» Problem description: Within the material below, locate the line with "Entsprechend sind neue" and the line with "Sedona, Arizona, USA.", then return those two lines and all lines between them, exactly as written.

» Data shown:
● ● ● ●

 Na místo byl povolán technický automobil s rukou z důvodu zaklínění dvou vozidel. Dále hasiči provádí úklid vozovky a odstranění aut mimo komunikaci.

● ● ● ●

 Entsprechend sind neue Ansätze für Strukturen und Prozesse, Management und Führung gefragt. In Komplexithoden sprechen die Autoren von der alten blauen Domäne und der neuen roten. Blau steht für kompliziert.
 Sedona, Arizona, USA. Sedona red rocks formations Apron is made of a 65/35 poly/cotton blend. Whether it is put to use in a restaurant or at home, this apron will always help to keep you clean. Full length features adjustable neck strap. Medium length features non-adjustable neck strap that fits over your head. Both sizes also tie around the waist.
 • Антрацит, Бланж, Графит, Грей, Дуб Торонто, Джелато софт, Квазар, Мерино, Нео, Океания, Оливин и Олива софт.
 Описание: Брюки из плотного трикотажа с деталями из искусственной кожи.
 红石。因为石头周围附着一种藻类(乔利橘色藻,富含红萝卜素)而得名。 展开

● ● ● ●

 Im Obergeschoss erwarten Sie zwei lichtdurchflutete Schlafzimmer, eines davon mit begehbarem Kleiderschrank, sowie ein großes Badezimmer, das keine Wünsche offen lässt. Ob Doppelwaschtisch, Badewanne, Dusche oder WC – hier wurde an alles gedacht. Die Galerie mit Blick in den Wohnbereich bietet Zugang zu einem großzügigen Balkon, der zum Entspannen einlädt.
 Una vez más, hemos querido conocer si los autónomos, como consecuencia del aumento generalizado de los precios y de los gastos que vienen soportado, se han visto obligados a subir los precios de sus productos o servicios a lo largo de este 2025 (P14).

● ● ● ●

» Task answer:
 Entsprechend sind neue Ansätze für Strukturen und Prozesse, Management und Führung gefragt. In Komplexithoden sprechen die Autoren von der alten blauen Domäne und der neuen roten. Blau steht für kompliziert.
 Sedona, Arizona, USA. Sedona red rocks formations Apron is made of a 65/35 poly/cotton blend. Whether it is put to use in a restaurant or at home, this apron will always help to keep you clean. Full length features adjustable neck strap. Medium length features non-adjustable neck strap that fits over your head. Both sizes also tie around the waist.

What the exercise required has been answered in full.